Степан обеими руками, но как-то нехотя протянул инструмент Павлику. Со странным и непонятным волнением следила я за движениями скрипача и, помню, отчетливо уловила, что, передавая скрипку, Степан на миг задержал ее в руках. Видно, Павлик ощутил это краткое инстинктивное сопротивление и удивленно глянул на скрипача. Тот тотчас разжал пальцы… Потом сунул струны в карман и пошел вон своей развинченной походочкой. Нерешительно потоптавшись у порога, обернулся и почти небрежно бросил:

– Послушай, старик, а ты ее случаем не продашь?

Павлик положил скрипку на стол рядом с открытым футляром и, подойдя к Степану, потрогал тыльной стороной ладони его лоб:

– У тебя, часом, не температурка? С какой радости мне продавать скрипку? Это ж память об отце.

– Так тебе ж она не нужна. Я бы прилично заплатил…

– Иди, иди, старче, с миром. Опоздаешь на пир искусства… на левый пир.

– В конце концов, это же даже антиобщественно! – с пафосом воскликнул долговязый музыкант. – Хорошая скрипка валяется среди хлама, а музыканты играют бог знает на чем! Ей-богу, твой предок тебя бы не одобрил, он был человек идейный, мне маман говорила…

Павлик отступил на шаг:

– Не верю ушам! Ты ли это, Степочка? С каких пор ты стал ратовать за общественные интересы? Неужто на наших глазах под влиянием высокого искусства происходит таинство рождения человека будущего?!

– Я же на полном серьезе, – с досадой пожал плечом Степан, – а ты все с шуточками.

– Не трать времени зря, – поставил Павлик точку…

– Какой-то он странный, – сказала я, когда мы остались одни.

– А может, наоборот, это я – странный?

– Почему – ты?

– А потому, что за столько лет ни разу не полюбопытствовал, какую такую скрипку хранил отец. А ведь мама когда-то рассказала мне о ней целый роман…

Павлик включил настольную лампу и направил рефлектор на скрипку. Та ответила теплым неярким бликом. Павлик повернул инструмент, блик скользнул по гладкой коричнево-золотистой поверхности и исчез в эфе.

– Лена, иди-ка сюда… – Павлик пристально разглядывал что-то внутри скрипки. – Взгляни… – Он еле сдерживался. – Прочти…

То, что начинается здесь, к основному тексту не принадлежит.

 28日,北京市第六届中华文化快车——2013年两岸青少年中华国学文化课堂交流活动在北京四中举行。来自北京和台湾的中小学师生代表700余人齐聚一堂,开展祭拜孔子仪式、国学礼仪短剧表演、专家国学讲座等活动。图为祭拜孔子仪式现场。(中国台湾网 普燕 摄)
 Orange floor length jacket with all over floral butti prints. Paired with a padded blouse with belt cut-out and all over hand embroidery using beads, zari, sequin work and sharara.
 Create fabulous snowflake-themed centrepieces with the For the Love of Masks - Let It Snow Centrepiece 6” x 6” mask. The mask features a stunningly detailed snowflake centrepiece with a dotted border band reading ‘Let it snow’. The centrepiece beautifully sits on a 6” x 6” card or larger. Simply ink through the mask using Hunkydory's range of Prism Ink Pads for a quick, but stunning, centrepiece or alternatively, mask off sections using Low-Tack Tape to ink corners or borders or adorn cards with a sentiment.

Я заглянула в таинственную, чуть пахнущую старым сухим деревом и пылью глубину скрипки. Луч выделил, вырвав из темноты, буквы клейма… Они были оттиснуты на дереве не очень сильно, наверно, поблекли от времени, но были достаточно четки и читались легко: Antonius Stradivarius Cremonifis. А пониже: Facieвat anno 1737.




СКРИПКА СТРАДИВАРИ

Мы с Павликом были так ошеломлены, что чуть не прозевали спектакль. Хороша была бы я, если б опоздала на собственный дебют!

Скрипка Страдивари не выходила у меня из головы. После спектакля мы снова поехали к Павлику. Долго разглядывали инструмент, осторожно прикасаясь к нему. Странно! Вроде бы скрипка как скрипка, не отличишь от самой заурядной – какая же тайна скрыта в ней, тайна, вложенная талантом гениального мастера, что делает ее драгоценностью, равной произведениям величайших художников?

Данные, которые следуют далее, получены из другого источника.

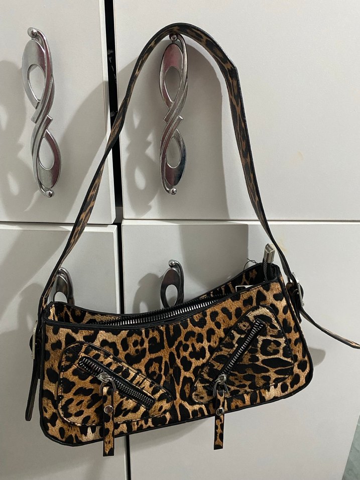 Kahverengi leopar desenli deri çanta, tokalı detaylarıyla cesur bir sokak stili sunar.
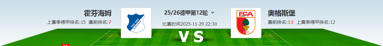 德甲第12轮的比赛即将打响,本场由主场的霍芬海姆迎战奥格斯堡。霍芬海姆目前取得了6胜2平3负的成绩,积20分排在积分榜第7位;奥格斯堡目前取得了3胜1平7负的成绩,积10分排在积分榜第13位。
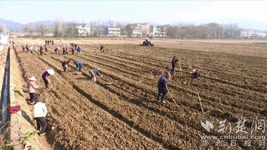 荊楚網(wǎng)(湖北日?qǐng)?bào)網(wǎng))訊(通訊員 曹聰 呂雷 陳鈺)11月9日,蘄春縣漕河鎮(zhèn)劉榜村“艾師傅”蘄艾種植基地里,艾農(nóng)們正在平整土地,用耙子進(jìn)行蘄艾根出根,按照蘄艾標(biāo)準(zhǔn)化種植技術(shù)規(guī)程,分片種植蘄艾。
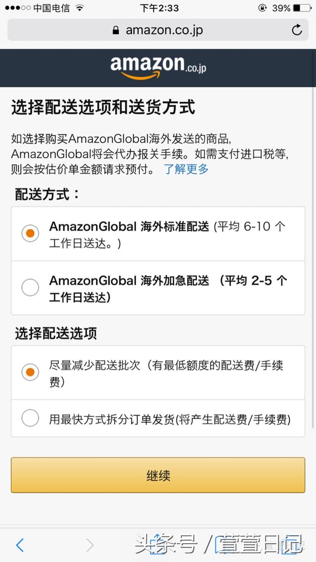 接下来,选择交付方式。有两种选择:海外标准递送和紧急递送。

А потом я услышала «роман о скрипке».

– Эту историю отец рассказывал маме, когда она была еще его невестой, – объяснил Павлик. – А мама передала ее мне. Мама говорила с большим настроением, и мне все случившееся представилось так отчетливо, будто было это не с отцом, а со мной самим. Наверно, сказалась мальчишеская фантазия, склонность к романтике. Я хочу, чтобы ты тоже окунулась в эту историю, почувствовала себя… участницей, что ли… Постараюсь не упустить ни одной детали. Слушай…



Отступление первое

Представьте себе жестокий январь тысяча девятьсот двадцатого года. Стоял почти непереносимый мороз. Федя Кольцов, шестнадцатилетний горнист кавполка ехал рядом с командиром и держал мундштук походного горна возле сердца: ему надо быть всегда теплым, этому мундштуку, иначе губы, и без того отвердевшие от стужи, не смогут сыграть сигнал к атаке.

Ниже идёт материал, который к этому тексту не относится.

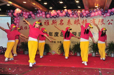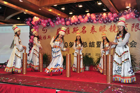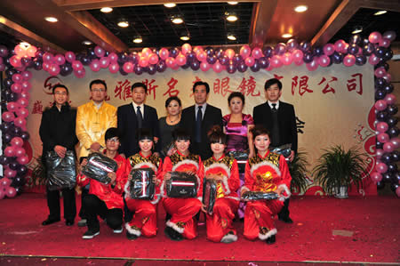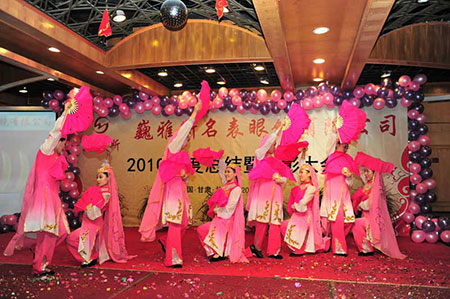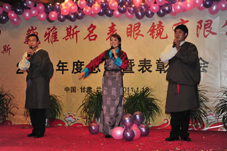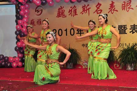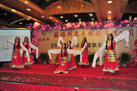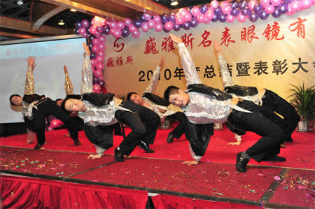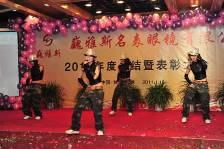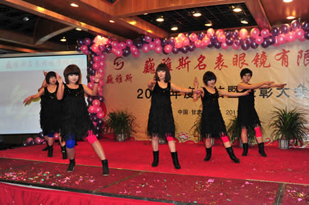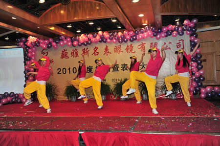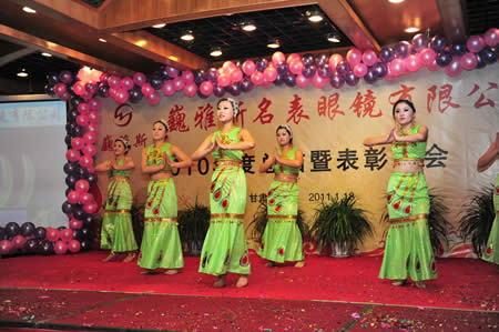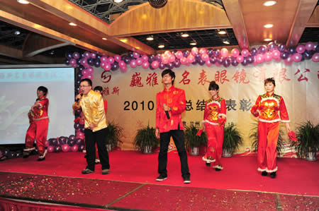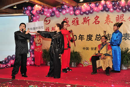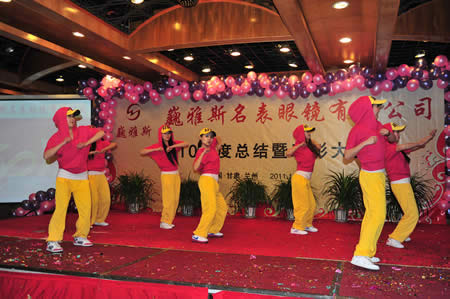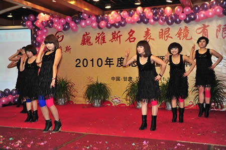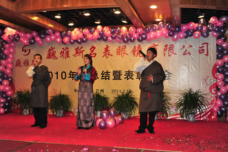 2011年1月18日,巍雅斯名表眼鏡有限公司2010年度總結(jié)暨表彰先進(jìn)大會(huì)在蘭州錦江陽光酒店舉行,來自西安、銀川、西寧、拉薩、天水等地的部分員工240多人歡聚一堂,共敘友誼、共商發(fā)展,會(huì)餐后舉辦了豐富多彩的聯(lián)歡晚會(huì)。前來走訪的以經(jīng)營(yíng)古馳、迪奧、BOSS、阿瑪尼等高端眼鏡品牌為主的意大利霞飛諾集團(tuán)中國(guó)區(qū)總裁雅各布(Jacopo)先生及日本尼康鏡片西北區(qū)業(yè)務(wù)經(jīng)理張海青先生也興致勃勃的參加了晚宴和聯(lián)歡晚會(huì)。
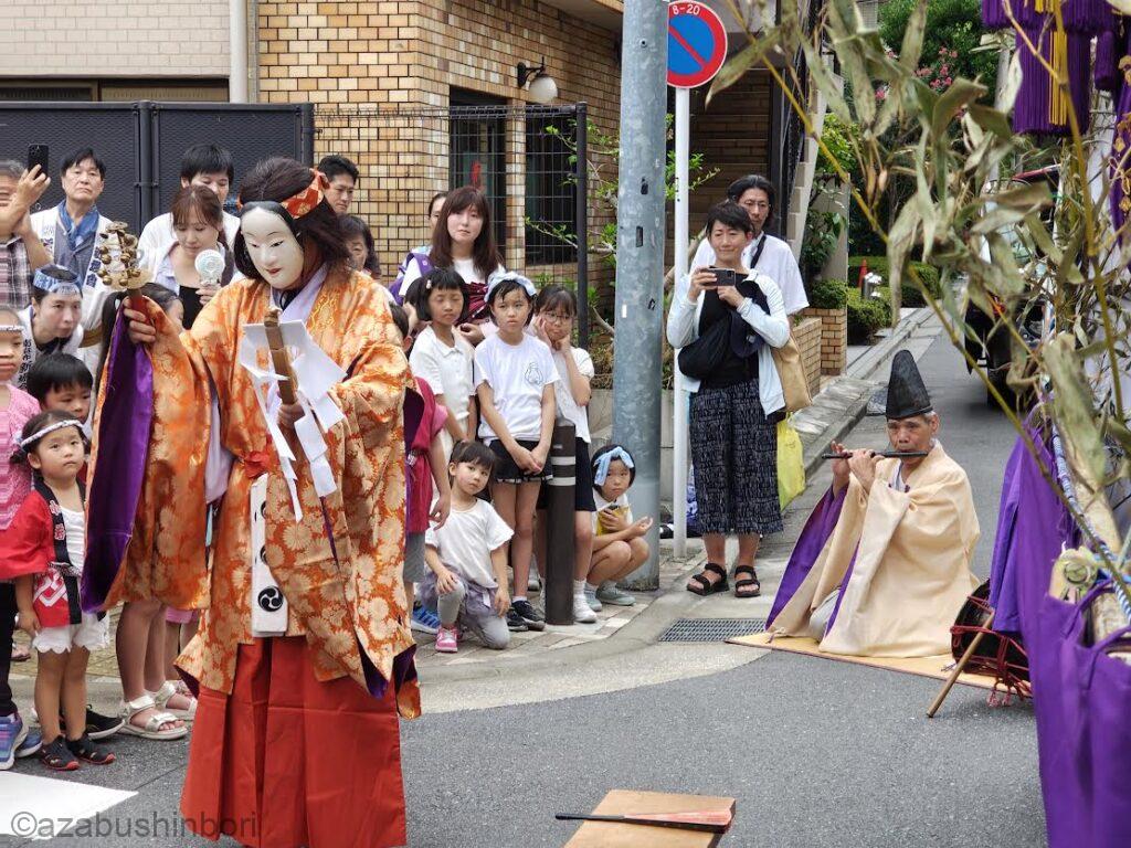 午後1時過ぎには、氷川神社の「宮神輿」が、トラックに乗せられて到着。初めて試みとして、神輿を前に、笛と太鼓の演奏に合わせ、巫女がお祝いの神楽(かぐら)を舞った。初めて実際の神楽を見た親子も多かったようで、みな楽しんでいた。

Полк геройской 27-й дивизии в составе 5-й Красной армии, которой командовал Михаил Тухачевский, а потом Г. Эйхе, брал Омск, Новониколаевск, Красноярск, а теперь гнал остатки разбитой армии адмирала Колчака на восток, к Иркутску, где их ждали красные партизаны Зверева и Каландарашвили, отряды Иркутского ревкома, готовые умереть, но не пустить белых в город, только-только освобожденный восставшими рабочими и солдатами.

Страшную картину являла последняя дорога колчаковцев. Разграбленные села, трупы, брошенные на произвол судьбы раненые… Горели подожженные деревни, и зарево злым, негреющим огнем мерцало на горизонте… Каппелевские головорезы, которыми теперь командовал генерал Войцеховский, озверели от безнадежности и бессильной злобы и отмечали свой крестный путь вехами отчаянной жестокости…

Красноармейские кони четкой рысью стучали по утоптанному снеговому насту сибирского тракта. Федор плотно запахнулся в старенькую шинель, закутал лицо вязаным шарфом – главным своим богатством – так, что только глаза виднелись, и предался любимому занятию: стал мечтать. От этого становилось теплее, сумасшедшая стужа не так схватывала дыхание.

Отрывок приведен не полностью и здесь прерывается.